Friday, March 27, 2020

Confessions of a Pathological Procrastinator

My work gives me a lethal flexibility to procrastinate.  I can rationalize putting things off in the name of fulfilling some other "obligation."  My ever-present "To Do" list only grows longer.  Given my inability to set priorities, I convince myself that as long as something gets crossed off, I'm making some sort of "progress."  The marginalia that catch my eye, like bright shiny coins along a path, draw me away, and I convince myself that it is part of some process or maybe the raw material for some future project.  Sometimes I am even right.

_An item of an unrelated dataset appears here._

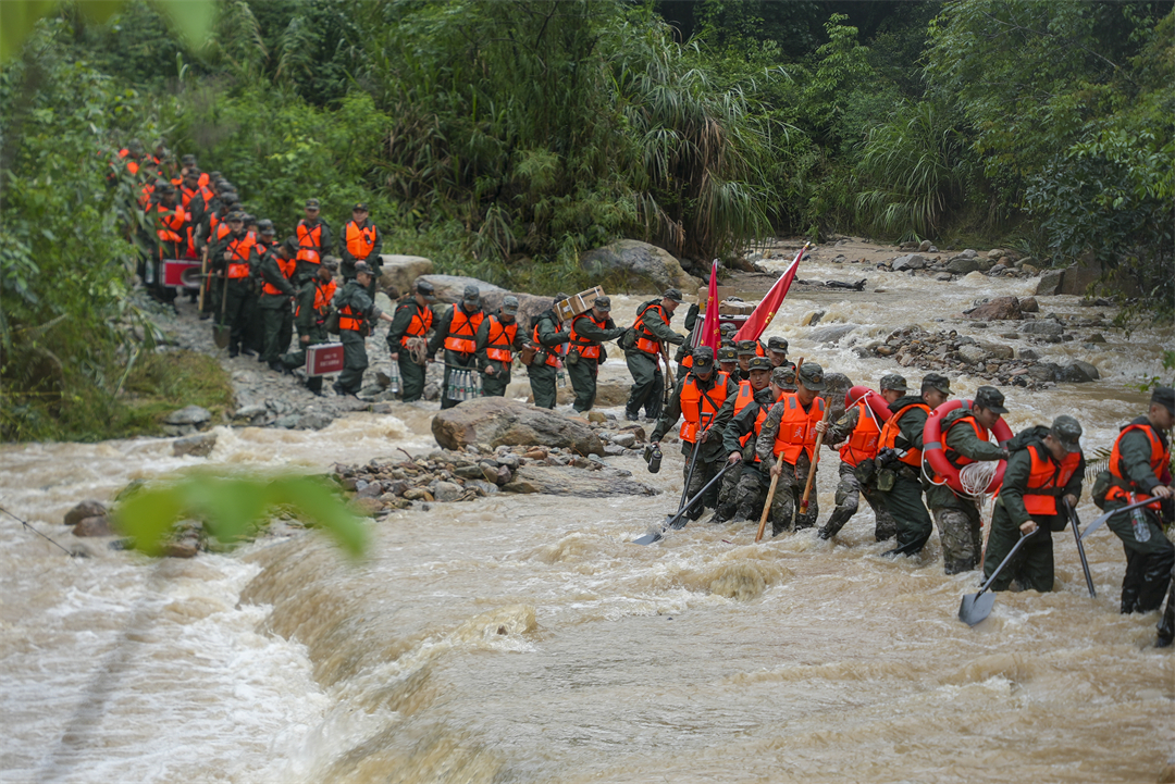 22日夜間,由于能見度不佳,道路搶通工作暫時(shí)停止,武警官兵采取接力的方式,將直升機(jī)、運(yùn)輸車等交通工具送達(dá)的物資進(jìn)行二次轉(zhuǎn)運(yùn),目前能保證受災(zāi)群眾基本的飲用水和食物需求。

For the past three years, I've been working on a monograph. I've made progress; a little bit here, a little bit there.  Chapters, murky at the outset, coalesce and take shape.  I've rolled out chunks for scholarly conferences and public lectures.  But there are long sections of the narrative, important to the story I'm telling, that sit out on the horizon mocking and unfinished.  I know they are important.  I resist the inevitable confrontation required to bring them to heel.  Their burden is in my head, but I can't lay them down.  Like Giles Corey of Salem, I stubbornly resist doing the work.  I demand of my internal universe, "more weight!" Of course this sounds more dramatic than it really is; I don't need the Puritan divines to bury me under rocks.  I put the pressure on myself. 

When I write, I keep certain books close at hand; writers whose work I admire, books on the art of writing.  Hemingway, Didion, Morrison, Orwell, and Baldwin.  I'm excited to see Amitava Kumar's Everyday I Write the Book coming out today.  The excerpt on writerly routines published on Lithub this morning struck a nerve--or was it a swift kick?  That's what I'm looking for, a routine.  Consistency is not my forte, and mine shift with the project.  Truth be told, these blog posts are meant to prod me from my lethargy.  My writing, like a flabby muscle, requires this sort of exercise.  Sometimes I worry about how many words I have left?  But that's just another excuse.  I won't find the answer to that question without stringing the words together in the first place.